I don't see how the two formulations for uniform convergence are equivalent:
$$ \lim_{n\rightarrow\infty}\sup_{x\in X}\left\{d_Y\left(f\left(x\right){,}\ f_n\left(x\right)\right)\right\}=0 \\ \Leftrightarrow \\ \forall \varepsilon >0:\ \exists N\in \mathbb{N}:\ \forall x\in X:\ n\ge N\ \Longrightarrow \ d_Y\left(f\left(x\right){,}\ f_n\left(x\right)\right)<\varepsilon $$
By the definition of limit, the above is clearly equivalent to
$$ \forall\varepsilon>0:\ \exists N\in\mathbb{N}:\ n\ge N\ \Longrightarrow\ \left|\sup_{x\in X}\left\{d_Y\left(f\left(x\right){,}\ f_n \left(x\right)\right)\right\}-0\right|<\varepsilon, $$ and since distance is non-negative, $$ \left|\sup_{x\in X}\left\{d_Y\left(f\left(x\right){,}\ f_n \left(x\right)\right)\right\}-0\right|=\sup_{x\in X}\left\{d_Y\left(f\left(x\right){,}\ f_n\left(x\right)\right)\right\}<\varepsilon.$$
I am not sure however if $$ \sup_{x\in X}\left\{d_Y\left(f_n\left(x\right){,}\ f\left(x\right)\right)\right\}<\varepsilon\ \Leftrightarrow\ d_Y\left(f\left(x\right){,}\ f_n \left(x\right)\right)<\varepsilon. $$
Could someone clarify?
I'm assuming you meant to write
$$\sup_{x\in X}\left\{d_Y\left(f_n\left(x\right){,}\ f\left(x\right)\right)\right\}<\varepsilon\ \Leftrightarrow\ \forall x \in X, d_Y\left(f\left(x\right){,}\ f_n \left(x\right)\right)<\varepsilon,$$
since that would facilitate the proof.
The reverse implication does not hold with strict inequality, but this presents no major problem.
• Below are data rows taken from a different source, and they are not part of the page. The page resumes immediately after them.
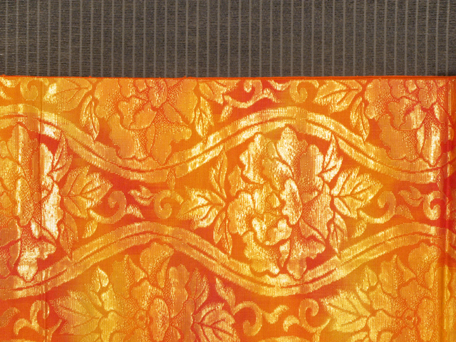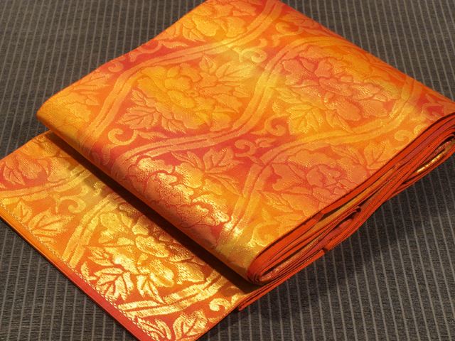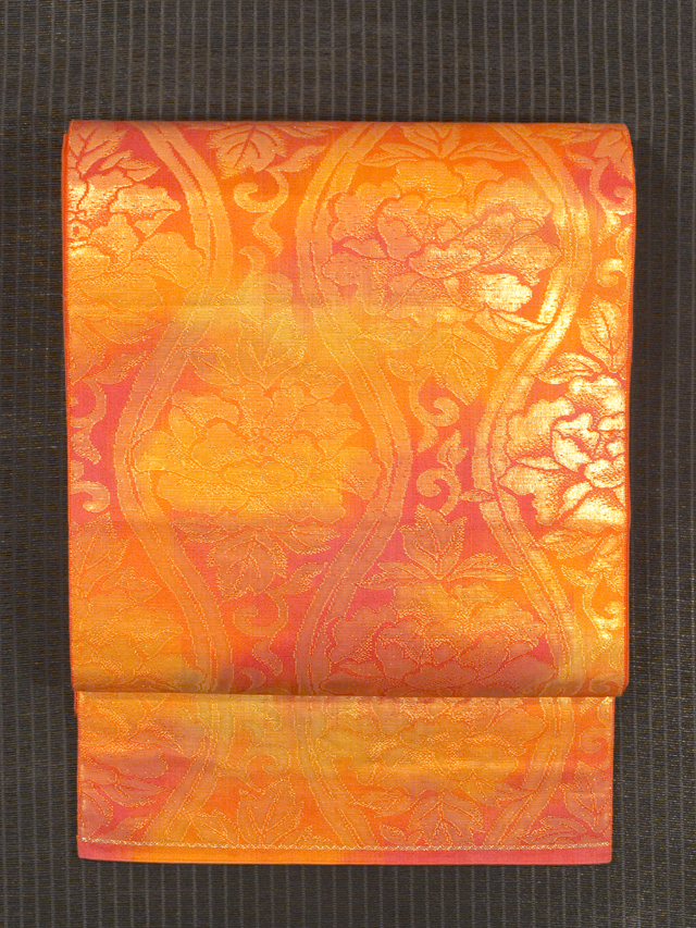 詳細  全体的な印象としては濃淡と若菜色のぼかしのある紅緋色の地に、牡丹唐草(ぼたんからくさ)の配された二重立涌(ふたえたてわく)の文様が織り込まれている西陣織の京袋帯です。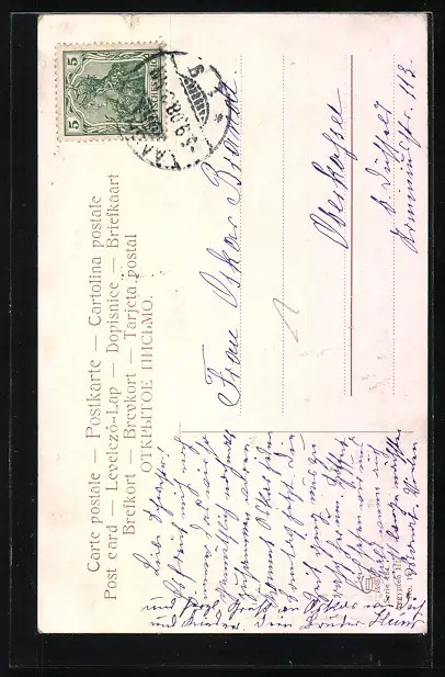 alte Ansichtskarte, gelaufen 1908, Abriebspur oben re., guter Zustand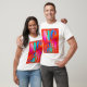 The shirt is good quality and fits just fine, but the colors of the printing are not as bright as in the sample photo. Not the best. The colors are a lot brighter in the sample photo; when I received the shirt they appeared faded. The red looks a little more pink and the blue is a lot lighter. N.B. I did not wash the shirt yet.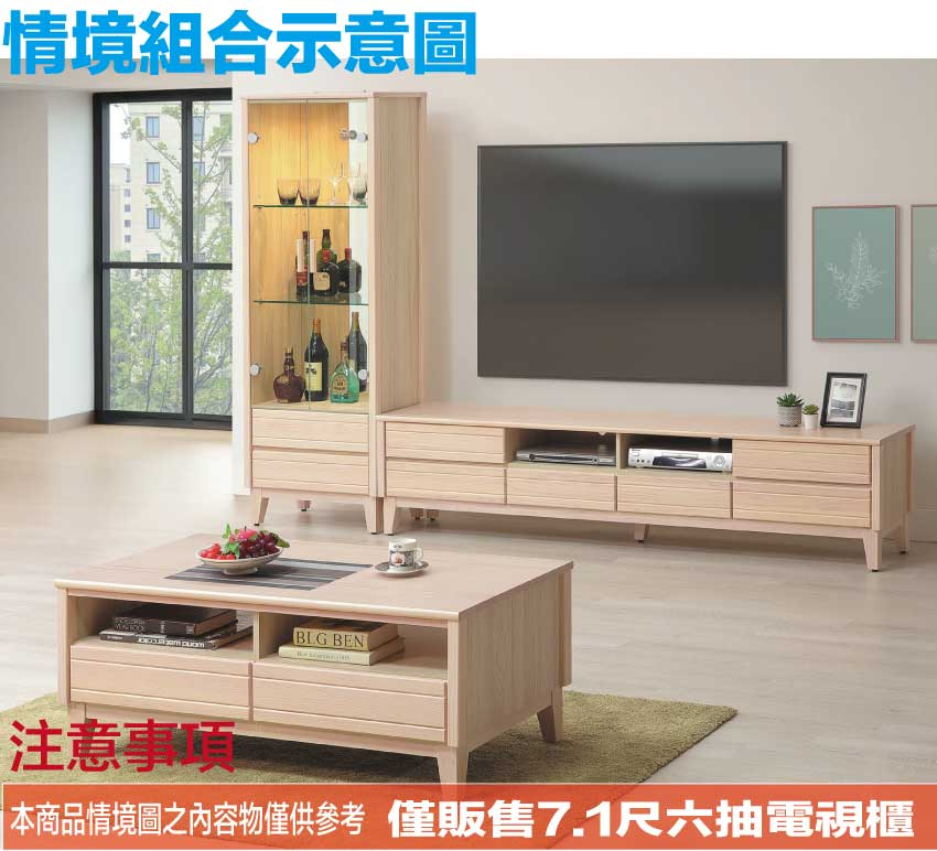 - ◆產品名稱:【綠家居】巴斯卡7.1尺實木六抽電視櫃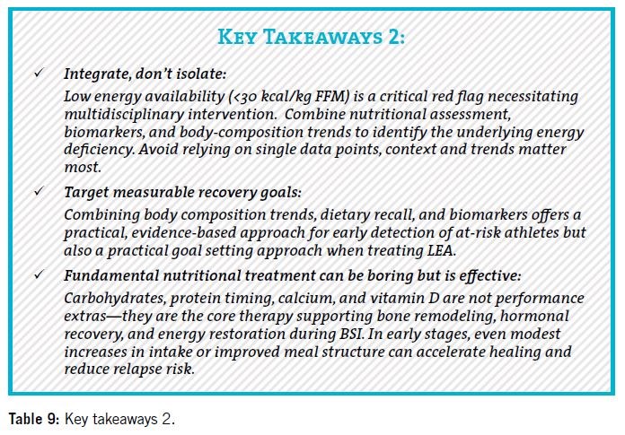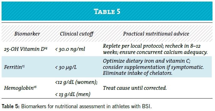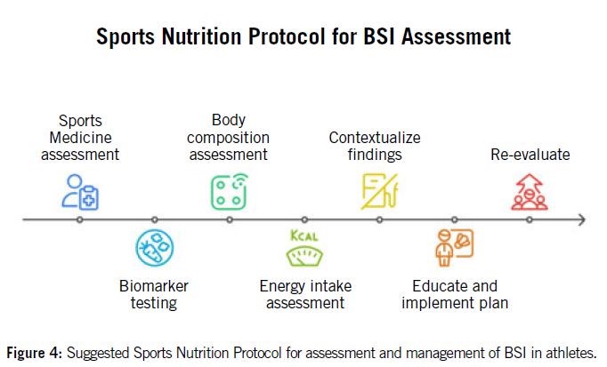 Table 5 highlights key clinical cutoffs to consider at initial BSI diagnosis. These results become most useful when the sports dietitian integrates them with a quantitative intake assessment (energy, protein, carbohydrate) and a body-composition assessment; this provides a clearer picture of energy availability, nutrient status, and recovery plan.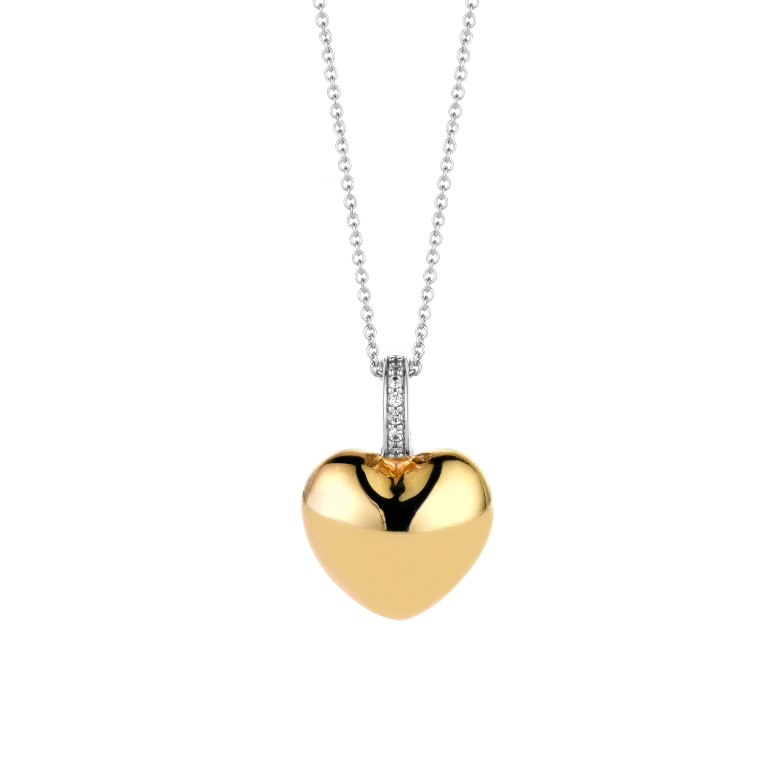 TI SENTO - COLLANA CIONDOLO CUORE PENDENTE ARGENTO DORATO E ZIRCONI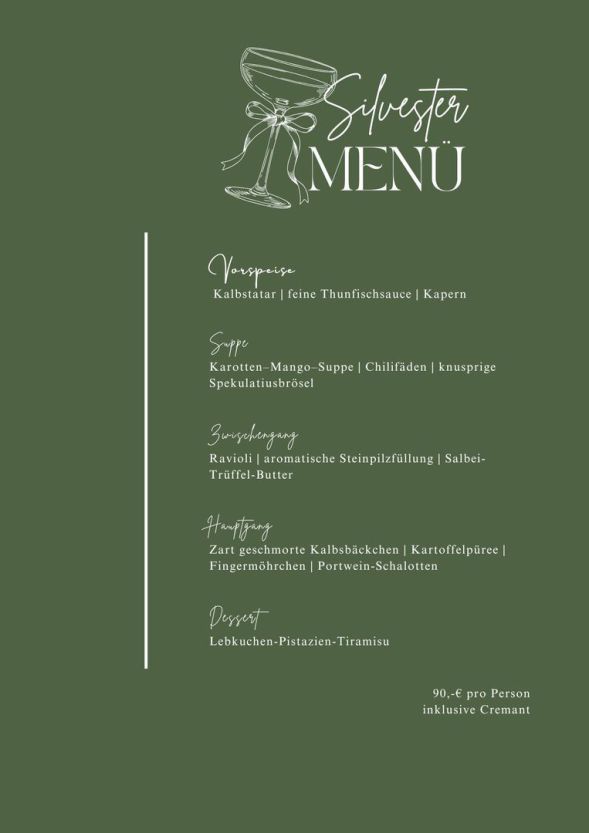 Unser Silvestermenü steht nun fest und verspricht einen Abend voller Genuss und festlicher Aromen. Der Abend endet gegen 22:00 Uhr – perfekt, um anschließend entspannt weiterzufeiern oder den Jahreswechsel ruhig ausklingen zu lassen.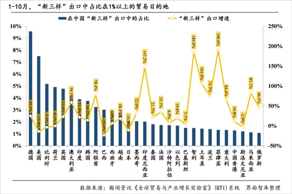 10月,“新三样”出口额前十的目的地依次为德国、美国、澳大利亚、比利时、英国、荷兰、韩国、印度、阿联酋、巴西,占比分别为7.3%、6.8%、5.8%、5.8%、4.4%、4.3%、3.7%、3.5%、3.4%、3.2%。与上月相比,德国、美国、英国排名不变,澳大利亚上升3位,韩国、印度各上升1位,巴西上升2位。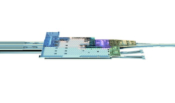 不仅如此,每根立柱对应的转换梁下面还有两根钢结构柱共同分担压力,三者共同组成了一张“板凳”,牢牢地托着上面的混凝土立柱。“两根钢结构柱比上面的混凝土柱更粗,直径达到2.2米,立柱直插基坑底部,从而使得来自航站楼部分立柱的重量得到层层均匀分散。”焦雷表示,项目部充分考虑到双结构柱承重较大,所以采用了国内罕见的C60自密实混凝土进行立柱浇筑以增加其自身承重性。值得指出的是,项目部在航站楼立柱与转换梁间还设置了先进的减震系统,通过安装弹簧减震支座,以减少高铁、地铁下穿青岛新机场航站楼时所带来的震动,进一步提升了乘客在航站楼候机时的舒适性。据了解,弹簧减震支座较多应用于桥梁、发电机基础底座等动荷载的减震,而机场航站楼采用弹簧减震支座设计在国内尚属首次。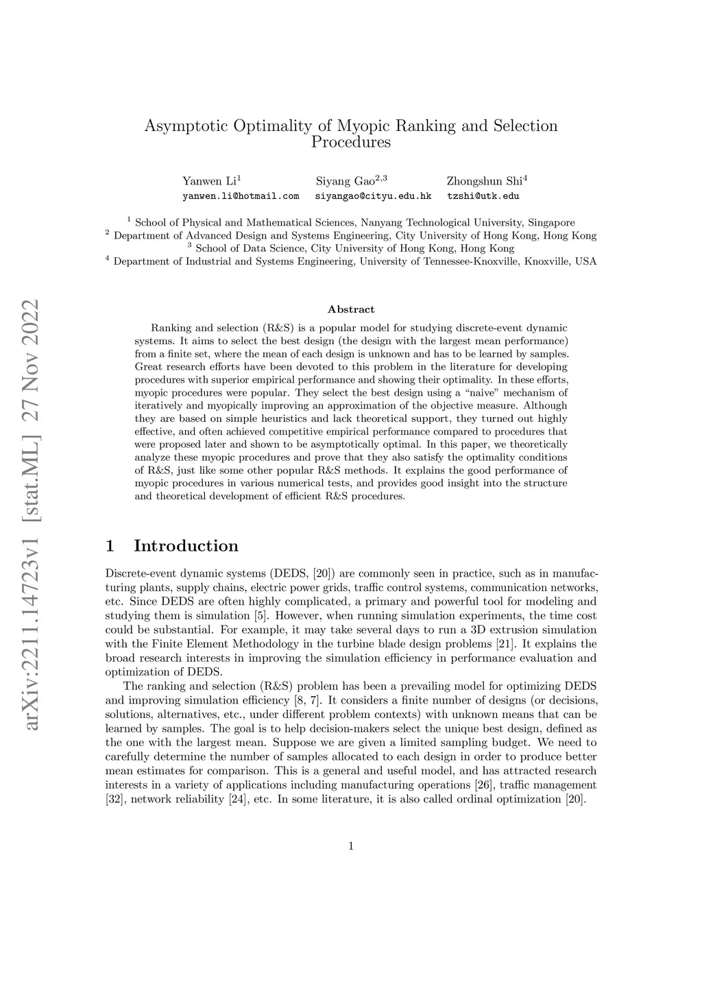 Ranking and selection (R&S) is a popular model for studying discrete-event dynamic systems. It aims to select the best design (the design with the largest mean performance) from a finite set, where the mean of each design is unknown and has to be learned by samples. Great research efforts have been devoted to this problem in the literature for developing procedures with superior empirical performance and showing their optimality. In these efforts, myopic procedures were popular. They select the best design using a ñaive' mechanism of iteratively and myopically improving an approximation of the objective measure. Although they are based on simple heuristics and lack theoretical support, they turned out highly effective, and often achieved competitive empirical performance compared to procedures that were proposed later and shown to be asymptotically optimal. In this paper, we theoretically analyze these myopic procedures and prove that they also satisfy the optimality conditions of R&S, just like some other popular R&S methods. It explains the good performance of myopic procedures in various numerical tests, and provides good insight into the structure and theoretical development of efficient R&S procedures.

It should be if $d_Y(f(x), f_n(x)) < \epsilon$ for all $x \in X$, then $\sup\{d_Y(f(x), f_n(x)): x \in X\} \leqslant \epsilon$.
To prove this, suppose $\sup\{d_Y(f(x), f_n(x)): x \in X\} = \alpha > \epsilon$ and take $\beta$ such that $\epsilon < \beta < \alpha$. There must exist $x' \in X$ such that $d_Y(f(x'),f_n(x')) > \beta> \epsilon$, otherwise $\beta$ is an upper bound less than the least upper bound $\alpha$. However, this contradicts the hypothesis that $d_Y(f(x),f_n(x)) < \epsilon$ for all $x \in X$.
The forward implication that $\sup\{d_Y(f(x), f_n(x)): x \in X\} < \epsilon$ implies $d_Y(f(x), f_n(x)) < \epsilon$ holds as you have written and is straightforward to prove.